Can anyone tell me how to count the prefix and optimize the algorithm with time complexity O(k (log (m)) in the second half of the e problem? I see that in the problem solution, each number is simply divided into increasing or decreasing, but what if a number happens to be in this interval (that is, the number happens to decrease first and then increase in this interval)? Another question is why this complexity is not O (K (log (m ^ 2))? After all, there are m^2 such intervals. (I'm very sorry, my English level is not high)
From these intervals if you check their mst edges you will see that most of them are the same. In reality there are at most m different MST (I don't have a proof for that but couldn't find any counterexamples). So I did a binary search to find them Then I added the edges to solve the problem you comment. Having 2m points of change
Thank you! But,emm...I am sorry to say that I can't understand what you said.But I know the answer of my problem in the end.I didn't see that it add a interval boundary on each w_i in the standard code,if do that,every point in every intervals are just increase or decrease.There is a huge different between my mother tongue and English.I don't know if you can understand my point.
Sorry, English isn't also my mother tongue and yesterday I was trying to be short because I was writing from my phone. What we try to do here is: - 1 find all spots/intervals where the MST (minimum spanning tree) changes - 2 add also all weights to this intervals (as you commented) to be sure that for a given interval any edge always increases or decreases its weight.
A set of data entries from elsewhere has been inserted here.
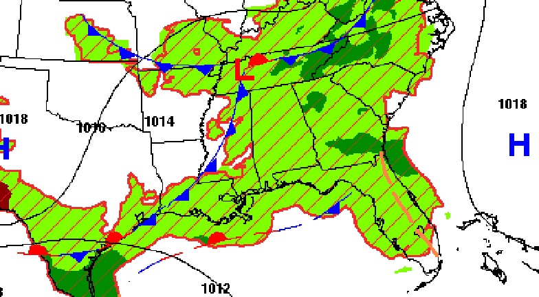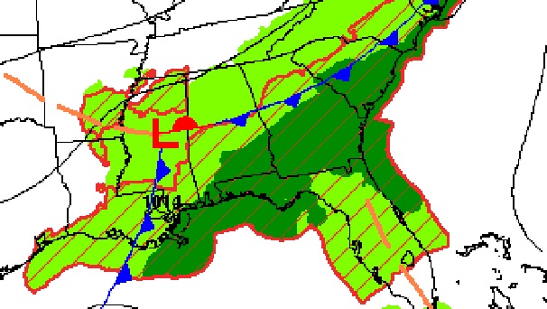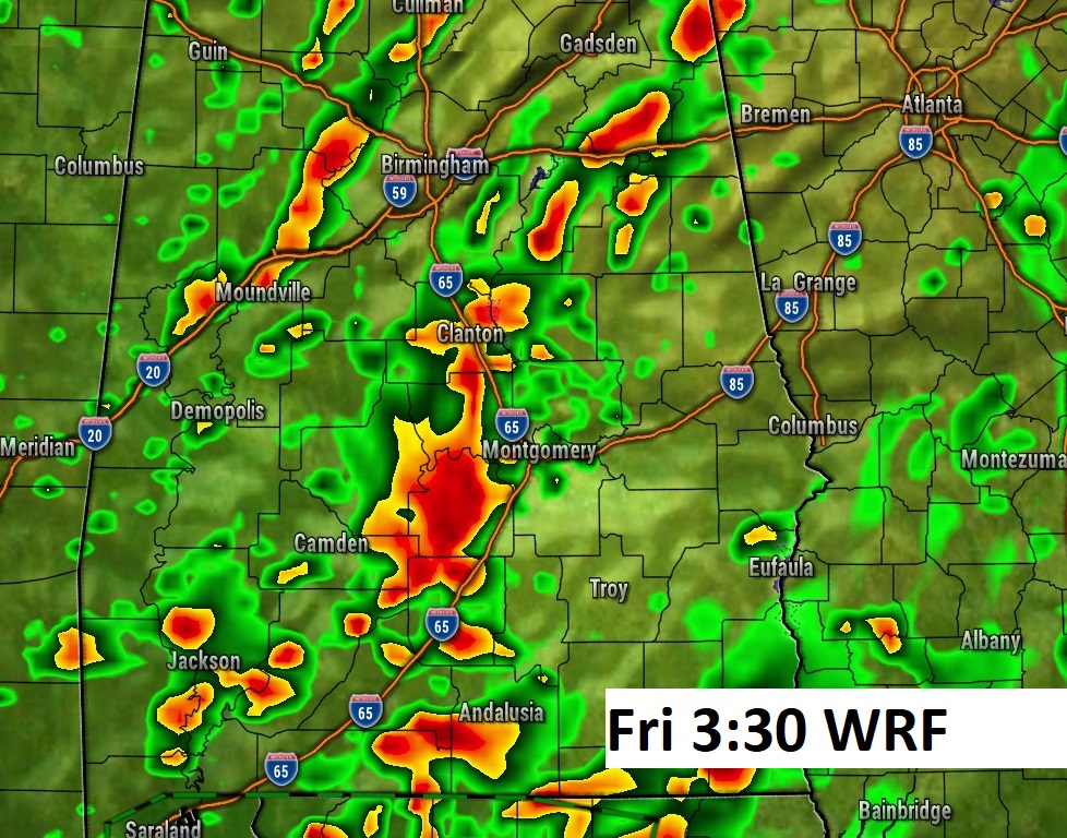 Good Morning! Alabama and the rest of the southeast US will be locked into a very active and occasionally wet pattern for the next several days as a series of storm systems parade across the South. This scenario could affect a lot of plans for the Mother’s Day weekend. Be flexible with your outdoor plans for here and the Gulf coast. There will be several dry hours. Much of today will be nice but there is a Marginal Severe risk this evening across the area. See below. Highs will be held down to the mid 70’s over the weekend due to clouds and showers. Here’s my brief forecast discussion.
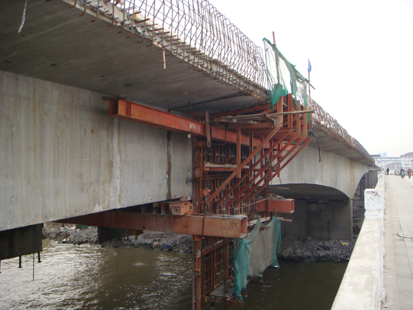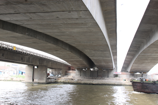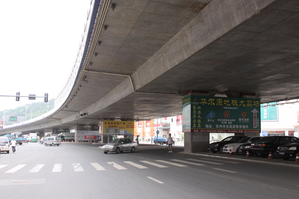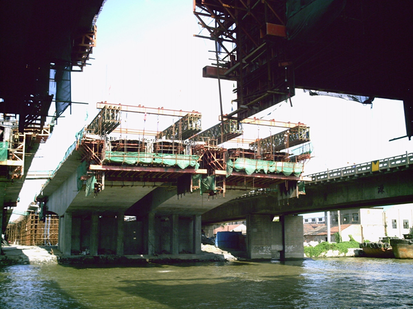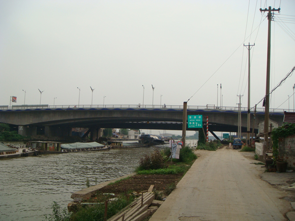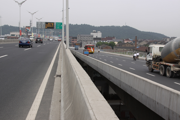 设计特点:平面线形连续、均衡,充分考虑二期工程的衔接。地面道路主要平叉口进行渠化设计,合理利用现有设施,地面道路跨京杭运河桥南线利用老晋源桥,节约工程投资。桥梁结构新颖,工艺先进,充分利用桥下空间,桥宽达26米,桥墩仅7米宽,横桥向大挑臂,高架桥下空间布置地面道路,7.5米中央分隔带作为停车场,满足横塘建材市场停车需要。跨京杭运河晋源桥采用挂蓝悬臂浇筑施工工艺,避免施工对航道的影响。沥青路面面层添加路用聚脂纤维材料,延长沥青路面的使用寿命。 |
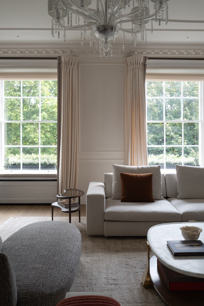 New window treatments including dress curtains, privacy blinds and blackout blinds were all meticulously handmade in London by master craftspeople, using the finest Italian fabrics & trims.

For 1 you could go for (w_i + w_j) / 2 for all pair of weights (the spots where two different edges changes its order) but this will generate O(m^2) and most of these spots don't change the MST. So imagine that after you calculated all (w_i + w_j) / 2 you have a list like this intervals=[0, 6, 10, 16... , 120, 200]. You could calculate mst[interval[0]], mst[interval[end]]. - If those 2 mst are the same then all the other intervals could be eliminated, and also mst[end] (We are sure that the MST don't change in this range). - If they are different you calculate mid=mst[interval[(ini-end)/2]] and recursive apply the same to [0,mid], [mid,end] In the end you should have something like O(m) intervals, so you did this binary search m times giving you a complexity of O(mlogm). Then you should add (2) all the edges. I hope this was a little more clearer than my previous explanation. You could see my implementation in #145770276 I used the "cuts" variable to calculate all possible intervals and the "edgeCuts" the real ones. Sorry my code is a little messy because I did a lot of changes through various days. I hope this helps :)
First,I want to thank you for spending so much time answering me.In fact,this was much more clearer than your previous explanation.I have already understood what you said and learned a lot from your reply. Although I can not use Java,I still tried to read a lot your code.And I have to say that you are wise.Your code's time complexity is better than the standard code.But I am not so clever to prove there are n real MST.And I also can't to give a counterexample.But there is a truth that your code is better.Thanks!
Oh,on more thing.I saw a discuss about this question just now,just at the top of this page.I'll read more about it.
OK, now I know why there are just n "real" MST. Thanks a lot!
Problem E can't be solved by Prim's Algorithm or can it?
For problem D how exactly we can get a safe upper bound for maximum possible weights? Do we first usually code for upper-bound and then find the solution? As we can't code dp solution for the second half if we don't know that upper bound is small.
Problem F's datas are not enough to test time limit . Test cases should be more accurate .However problem was good
won't it exceed time limit if we go for n*k --> 10^9*t=10^11 time complexity for d problem?
For problem D it is also possible to precalculate a map with 1000 entries with the minimum operations needed to reach the number from 1 and just paste it into the program :D . Then, since it's precalculated at the member's computer, can use a slow O(N^3) algorithm instead of the O(N^2) dp or the BFS approach.